*Records to use*
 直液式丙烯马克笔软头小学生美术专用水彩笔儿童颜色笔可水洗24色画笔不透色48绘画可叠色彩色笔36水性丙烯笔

...

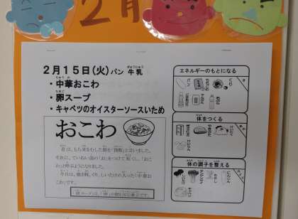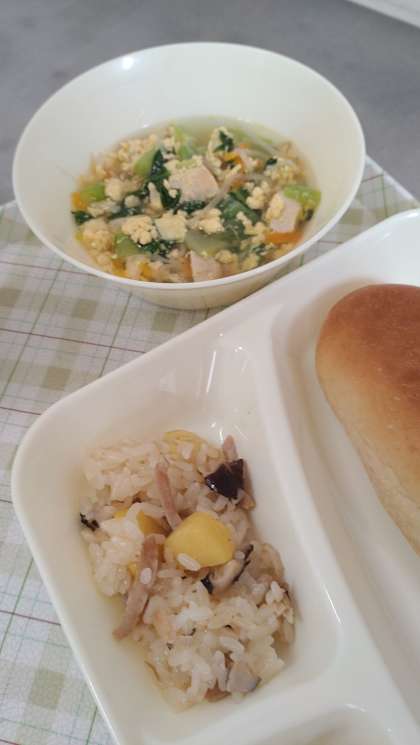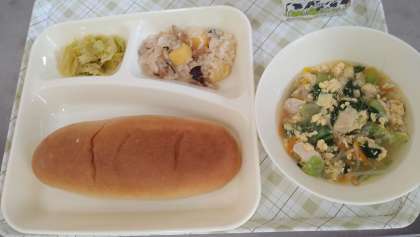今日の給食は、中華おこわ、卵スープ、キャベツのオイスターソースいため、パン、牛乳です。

...

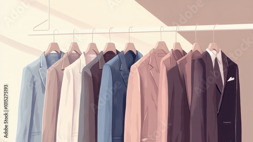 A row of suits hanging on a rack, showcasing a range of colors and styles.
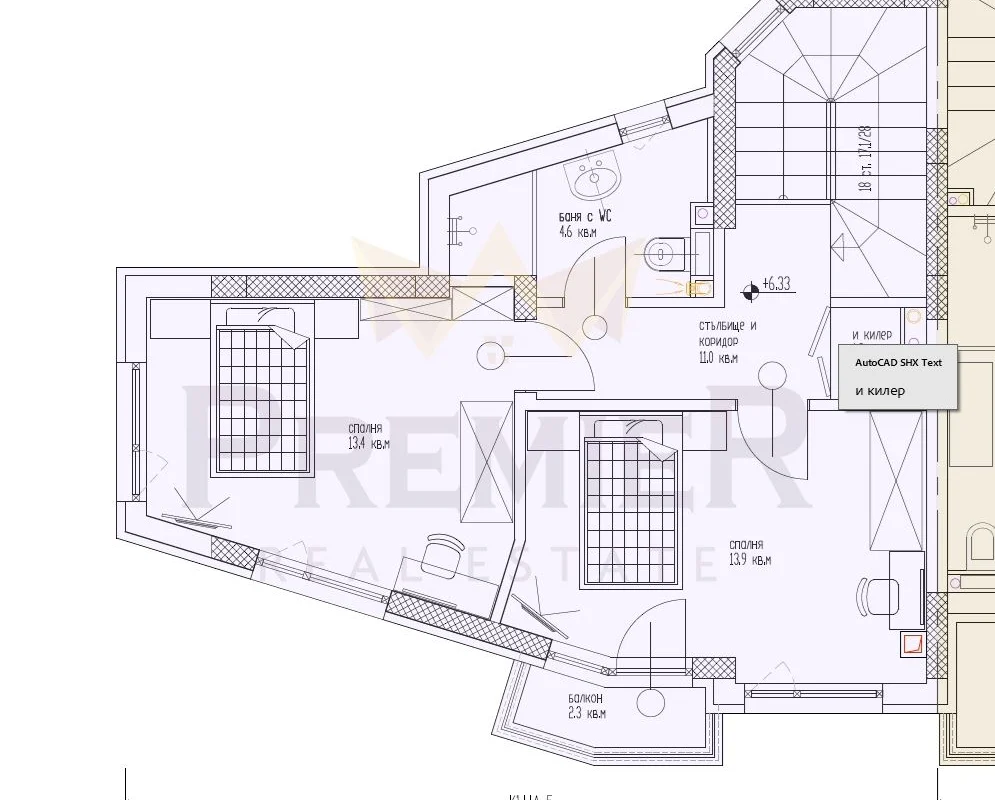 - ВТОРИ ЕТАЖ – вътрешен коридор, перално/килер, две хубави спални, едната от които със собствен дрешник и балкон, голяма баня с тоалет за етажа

*Task item*
Word for word, restate the lines above from the one with "A row of suits" through the one with "- ВТОРИ ЕТАЖ", keeping both ends and dropping the pictures.

*Expected answer*
 A row of suits hanging on a rack, showcasing a range of colors and styles.
 - ВТОРИ ЕТАЖ – вътрешен коридор, перално/килер, две хубави спални, едната от които със собствен дрешник и балкон, голяма баня с тоалет за етажа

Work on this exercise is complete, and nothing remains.